▶ [TASK INPUTS]
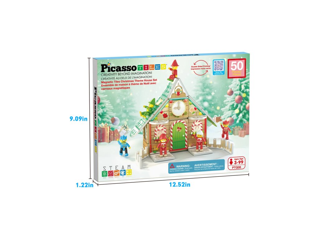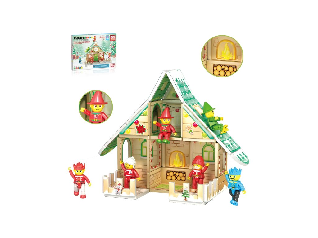 Picasso Tiles Magnetická stavebnice – Vánoční chaloupka s figurkami (50 ks)
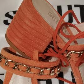 Sandali belli e colorati come l'estate❤ Tinta unita Effetto scamosciato, Interno in pelle, Suola in cuoio Allacciatura alla caviglia Punta tonda Tacco geometrico Senza Applicazioni Prezzo brand 180 euro
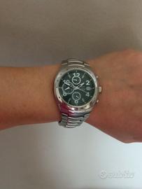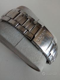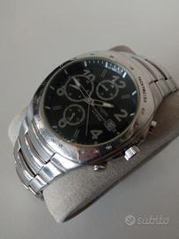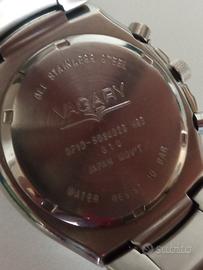Vendo splendido orologio cronografoVagary marchio di proprietà di Citizen, colosso mondiale dell'orologeria giapponese. L'orologio è stato appena revisionato per la vendita. Usato in ottime condizioni estetiche solo qualche leggero graffio.Batteria appena sostituitae movimento testato. L'orologio è stato sottoposto apulizia profonda e igienizzazione(cassa e cinturino). Quadrante nero con tre contatori, datario a ore 3, scala tachimetrica sulla lunetta. Cinturino originale in acciaio con chiusura di sicurezza. Unisex. Pronto all'uso.
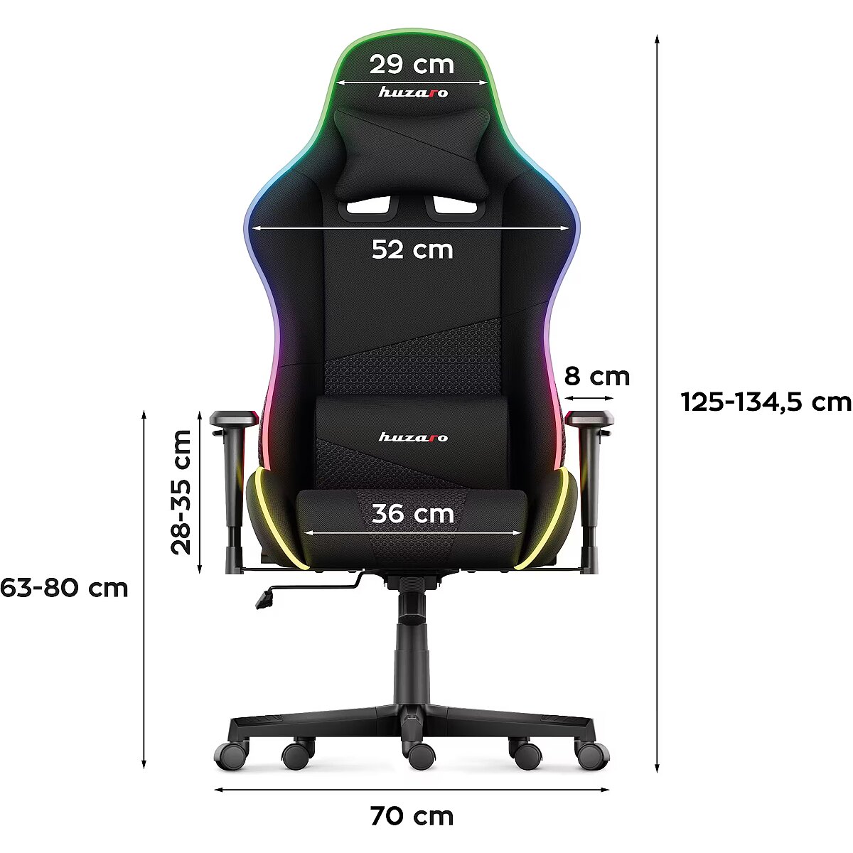 Dane techniczne: Inne cechy - podświetlenie RGB | pilot | poduszka karku | poduszka lędźwiowa
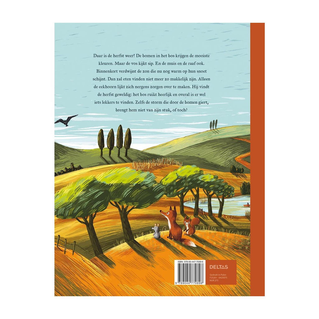 Daar is de herfst weer! De bomen in het bos krijgen de mooiste kleuren. Maar de vos kijkt sip. En de muis en de raaf ook. Binnenkort verdwijnt de zon die nu nog warm op hun snoet schijnt. Dan zal eten vinden niet meer zo makkelijk zijn. Alleen de eekhoorn lijkt zich nergens zorgen over te maken. Hij vindt de herfst geweldig: het bos ruikt heerlijk en overal is er wel iets lekkers te vinden. Zelfs de storm die door de bomen giert, brengt hem niet van zijn stuk, of toch?
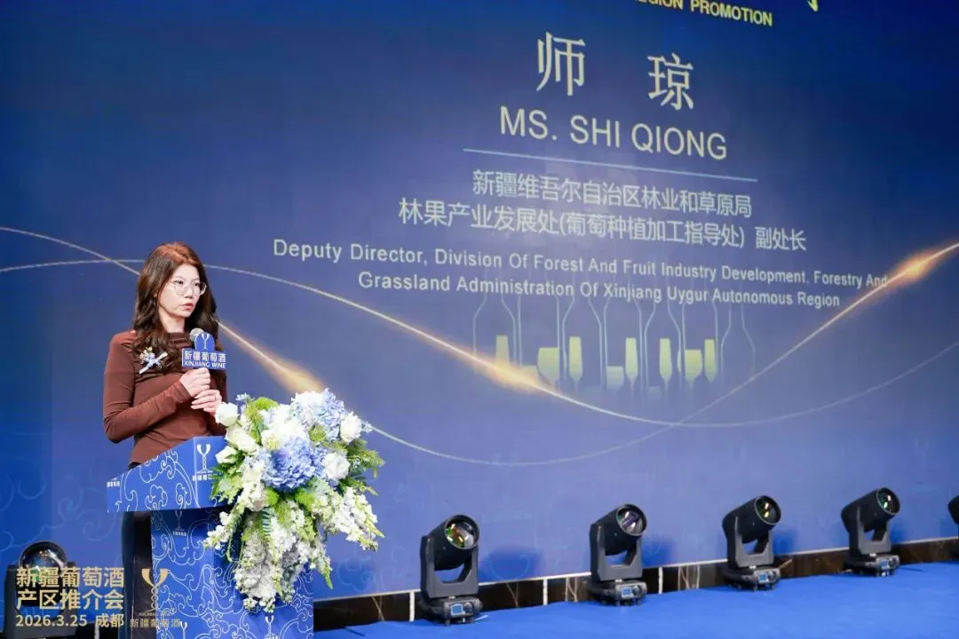 新疆维吾尔自治区林业和草原局林果产业发展处(葡萄种植加工指导处)副处长师琼作产区推介,从两千余年酿酒历史、全球黄金酿酒带的自然优势,到天山北麓、伊犁河谷、焉耆盆地、吐哈盆地四大核心产区和阿克苏慕萨莱思特色产区的产业格局、134家酒庄的集群发展成果,以及尼雅、天塞等本土品牌的市场影响力,让现场嘉宾对新疆葡萄酒有了更深刻的认知。
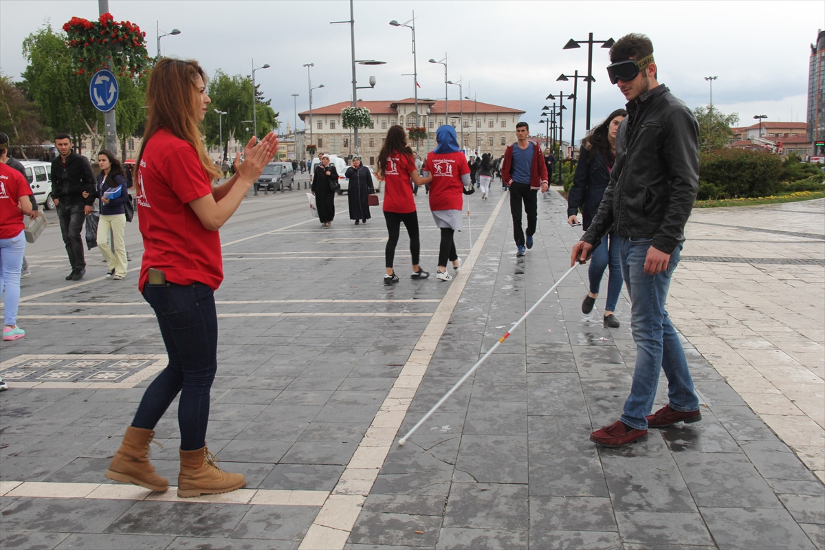 SİVAS (AA) - Cumhuriyet Üniversitesi (CÜ) Beden Eğitimi ve Spor Yüksekokulu ile Görme Engelliler Spor Kulübü, görme engellilerin yaşadıkları sıkıntılara dikkati çekmek için farkındalık etkinliği gerçekleştirdi.
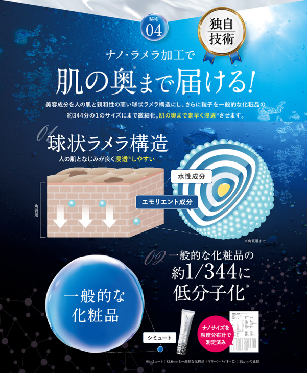 4つ目の特徴は、肌の奥まで届ける独自ナノ・ラメラ加工技術が使われていることです。
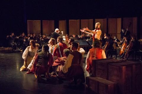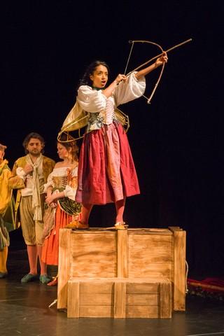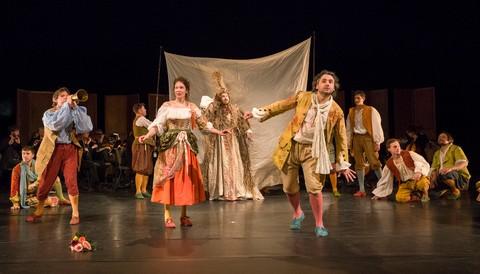 Unlike the company’s 2016 luxuriously staged Les Fêtes Vénitiennes, also at the Gilman, Rameau was purposely staged by Sophie Daneman as if in a village square, simply but effectively, the “effects” improvised as only peasants would: entrances to temples and heaven were curtains stretched between two poles; Jupiter appeared in a high stage box as an improvised Mount Olympus; a dancer as a god glided bare-chested undetected amongst the celebrating peasantry. According to the program, this type of performance is called “théâtre de la foire” (theater of the fair).
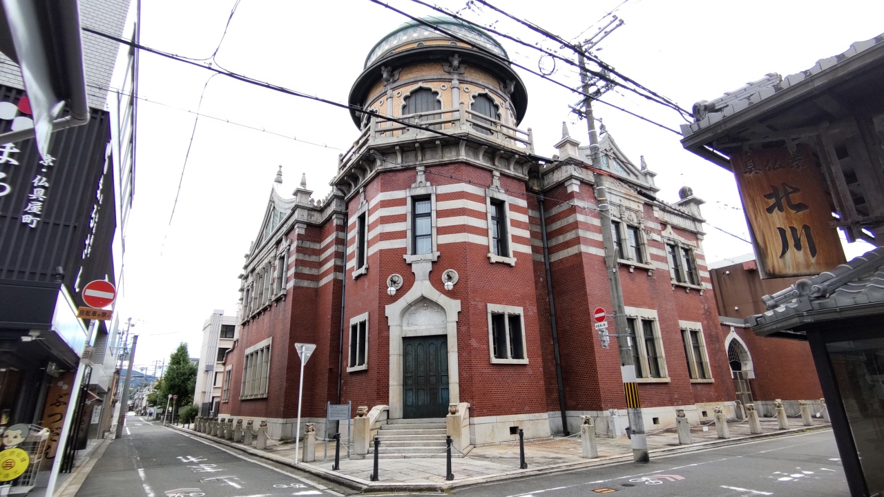 明治建築で多い赤レンガの基礎構造に8柱の円形ドームがのっかった姿は、一種独特の外観でなんとも言えない味がある眺めでした。
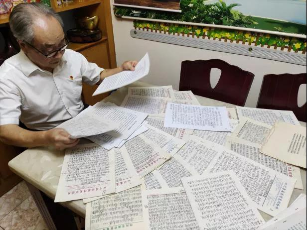 谌爷爷最令人称赞的还是他“活到老、学到老”的终身学习与研究精神。无论是在部队、在前线、在转业后进入测绘局,还是在退休后,他一直坚持努力去发现和总结工作、学习和生活中的问题,将其记录下来,撰写成文并积极投稿发表。谌爷爷与小队成员一起整理出了他所撰写的思想报告、研究论文、课本教材、工作反思、个人感悟等类型的文章共计48篇,有的出版成刊,有的发表在相关期刊、报纸、杂志和单位官网,是名副其实的“高产作家”。由于时代背景和自身年龄的影响,谌爷爷的文章全部是自己手写出来的,这也是他多年来养成的习惯。更值得一提的是,有接近一半的文章是谌爷爷在退休后所写,真可谓是“老当益壮,宁移白首之心”。谌爷爷说:“时代在不断发展,党的思想政治工作也在推陈出新,每每都会有新的要求和课题待我们去认识和研究。所以我总是在不断地学习、研究、提升自己的政治和业务素质,以更好地去完成党交给我的任务。即便是现在退休了,每当中央出台新的政策,领导人提出新的思想理念,我都会主动通过购买书籍或查阅相关文献资料的方式进行自我学习,也会组织单位上的其他退休老党员一起学习讨论,学习之后我喜欢写一些文章来记录我的所思所想,如今也成了一种习惯,也让我能够在退休之时仍能为党的建设事业作出一点贡献。”
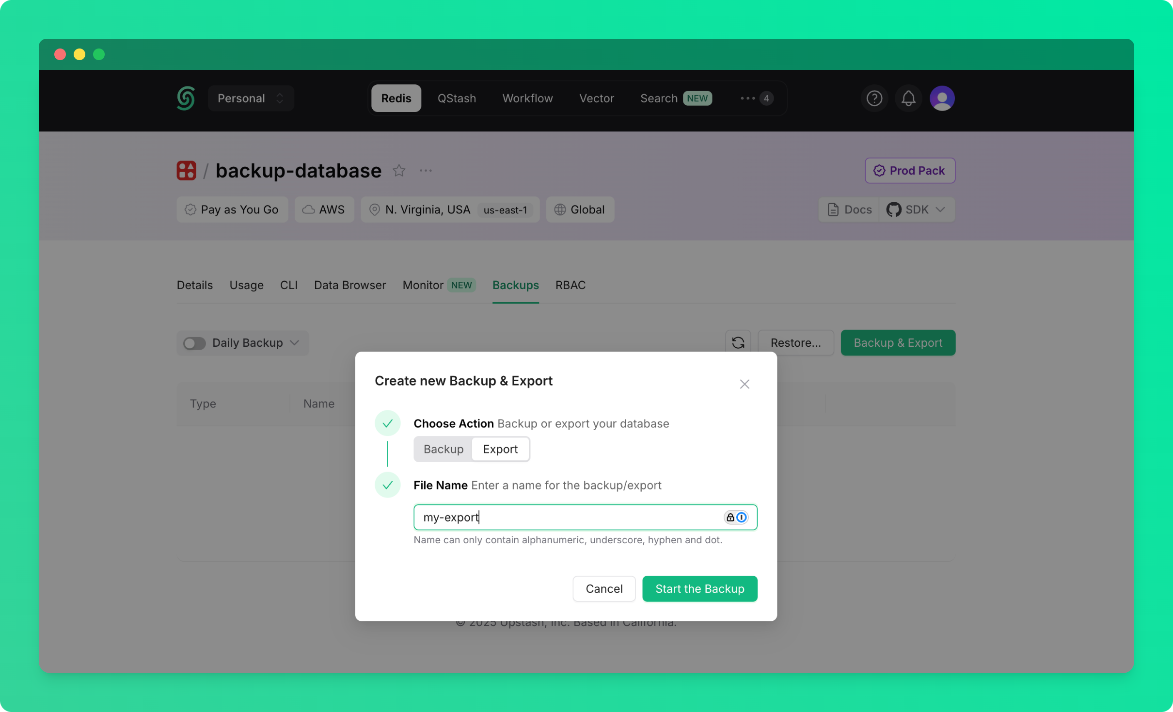 You’ll be able to export your Upstash Redis database as an RDB file for backup or migration purposes.

▶ [TASK] Both ends included, copy word for word the lines from the top of the entries above through the line with "Dane techniczne: Inne". No pictures.

▶ [SOLUTION]
 Picasso Tiles Magnetická stavebnice – Vánoční chaloupka s figurkami (50 ks)
 Sandali belli e colorati come l'estate❤ Tinta unita Effetto scamosciato, Interno in pelle, Suola in cuoio Allacciatura alla caviglia Punta tonda Tacco geometrico Senza Applicazioni Prezzo brand 180 euro
Vendo splendido orologio cronografoVagary marchio di proprietà di Citizen, colosso mondiale dell'orologeria giapponese. L'orologio è stato appena revisionato per la vendita. Usato in ottime condizioni estetiche solo qualche leggero graffio.Batteria appena sostituitae movimento testato. L'orologio è stato sottoposto apulizia profonda e igienizzazione(cassa e cinturino). Quadrante nero con tre contatori, datario a ore 3, scala tachimetrica sulla lunetta. Cinturino originale in acciaio con chiusura di sicurezza. Unisex. Pronto all'uso.
 Dane techniczne: Inne cechy - podświetlenie RGB | pilot | poduszka karku | poduszka lędźwiowa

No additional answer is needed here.